A team of academic researchers from universities in California and Massachusetts demonstrated that it’s possible under certain conditions for passive network attackers to retrieve secret RSA keys from naturally occurring errors leading to failed SSH (secure shell) connection attempts.
SSH is a cryptographic network protocol for secure communication, widely employed in remote system access, file transfers, and system administration tasks.
RSA is a public-key cryptosystem used in SSH for user authentication. It uses a private, secret key to decrypt communication that is encrypted with a public, shareable key.
Exposing hardware errors
A paper published by university researchers Keegan Ryan, Kaiwen He, Nadia Heninger, and George Arnold Sullivan, shows that it’s possible for a passive network attacker to obtain a private RSA key from SSH servers experiencing faults during signature computation.
“If a signing implementation using CRT-RSA has a fault during signature computation, an attacker who observes this signature may be able to compute the signer’s private key,” the researchers say in the technical paper.
The Chinese Remainder Theorem (CRT) is used with the RSA algorithm to lower the bit size for the public key and speed up the decryption time.
“These attacks exploit the fact that if an error is made while computing modulo one prime, say q, then the resulting invalid signature “s” is equivalent to the correct signature modulo one prime factor p, but not q,” the researchers further explain.
Although errors of this kind are rare, they are unavoidable due to hardware flaws. Given a large enough pool of data, an attacker can find and leverage many opportunities for exploitation.
This is a known problem that impacts older of TLS versions. It was addressed in TLS 1.3 by encrypting the handshake that establishes the connection, thus preventing passive eavesdroppers from reading the signatures.
SSH was previously assumed to be safe from this attack but the researchers proved that it is possible to retrieve RSA secrets using lattice-based attacks that recover the private key from partially known nonces.
The researchers note that their tests do not include results "for RSA-1024,SHA512 because the number of unknown bits in the hash is well beyond what we can brute force or solve with lattices."
However, they add that "the lattice attack is quite efficient" and that their tests had a 100% success rate.
Using their lattice attack, the researchers managed to find 4,962 invalid signatures that revealed the factorization of the corresponding RSA public key, thus allowing the retrieval of private keys corresponding to 189 unique RSA public keys.

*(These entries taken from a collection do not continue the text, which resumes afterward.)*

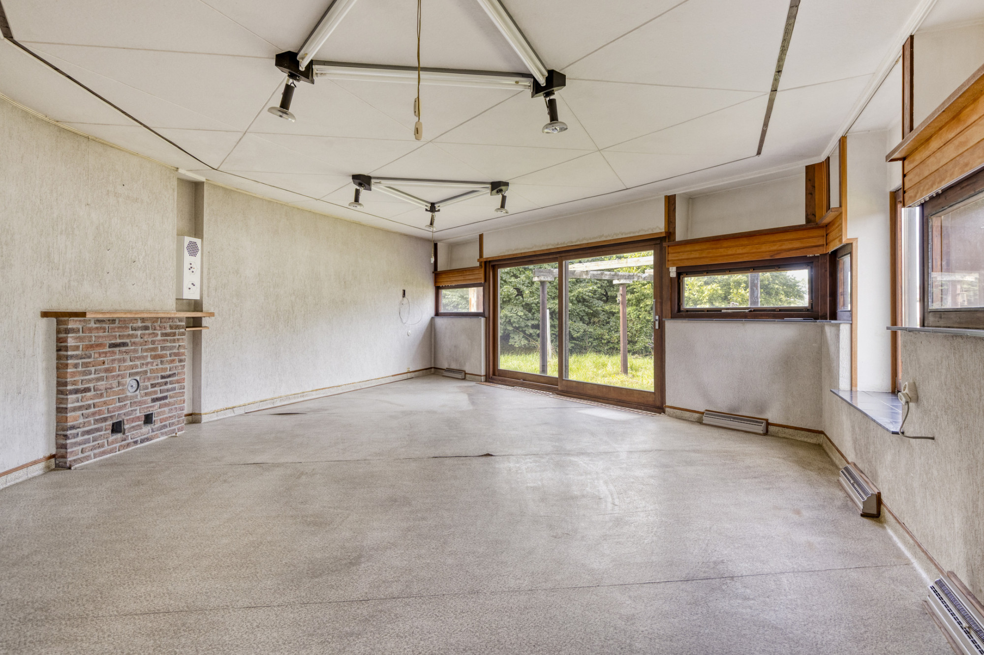 Woonkamer met schuifpui naar de tuin.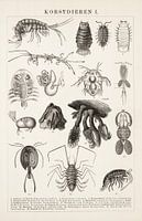 Op deze antieke gravure staan een aantal korstdieren (schaaldieren) afgebeeld. Wij zien o.a. vlokreeft, pissebed, karperluis, zeepok en strandvlo.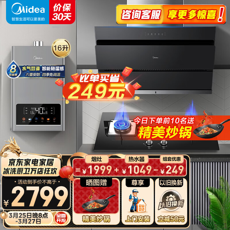 美的(Midea)侧吸抽油烟机灶具烟灶多件套装燃气热水器家用烟灶燃热厨房三件套JN205+Q217B+16TC5S天然气价格:2999.00元!

Many of the retrieved secrets came from devices with vulnerable implementations, the largest number of signatures coming from Zyxel devices.
The researchers disclosed the issue to Cisco and Zyxel earlier this year and the vendors investigated for the cause.
Cisco determined that a suitable mitigation was introduced last year in Cisco ASA and FTD Software. The company told the researchers that it was looking into mitigations in Cisco IOS and IOS XE Software.
Zyxel found that the ZLD firmware version the researchers used in the experiment had switched to using OpenSSL, which eliminates the risk.
The researchers warn that if signing implementations using the Chinese Remainder Theorem (CRT) algorithm with RSA have a fault when computing the signature, an attacker observing the signature may be able to computer the signer's private key.
To counter an attacker's ability to retrieve the secret key, the researchers recommend implementations that validate signatures before sending them, such as the OpenSSH suite that relies on OpenSSL to generate signatures.